I am running FreeBSD 4.3 with an IDE HP cd-writer 9500 series.
I have been successfully making CD's using burncd since
I installed it. 

However, I mistakenly tried to mount a CD which I failed to fixate
and I got a kernel panic. I was able to de-bug the kernel code
and found out where the problem is. I have included a patch
which works for me and would like to hear whether it is
sufficient or what I should do next.

I found out through my investigations into this that the
ATAPI interface isn't followed closely by manufactures.

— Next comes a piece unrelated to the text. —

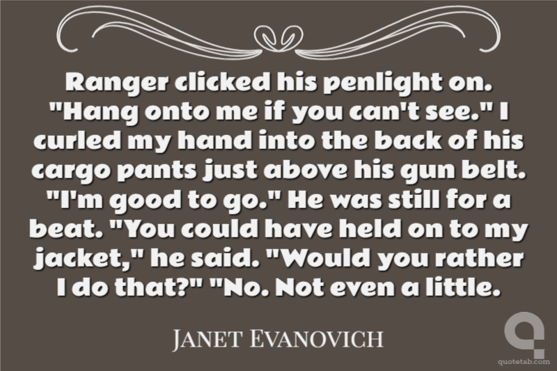 Ranger clicked his penlight on. "Hang onto me if you can't see." I curled my hand into the back of his cargo pants just above his gun belt. "I'm good to go." He was still for a beat. "You could have held on to my jacket," he said. "Would you rather I do that?" "No. Not even a little.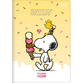 Se você busca um produto inspirado no beagle mais querido dos desenhos animados, o planner grampeado Snoopy da Tilibra é a escolha perfeita. O produto tem tamanho 17,8 x 25,4 cm, capa flexível com detalhes metalizados e folhas com visões anual e mensal. Este planner 2026, que possui 20 folhas em papel creme, com gramatura de 90 g/m², é escolha ideal para anotações objetivas.

For instance before we installed this HP CDRW we had installed
a Yamaha CDRW which displayed other problems (among them is
that it won't fixate using burncd under FreeBSD). In addition
my CDROM on my home computer which is running FreeBSD 4.2 doesn't
cause a panic when I try to mount a non-fixated CD it just refuses
to do it. So ATAPI of one manufacturer is not ATAPI of another.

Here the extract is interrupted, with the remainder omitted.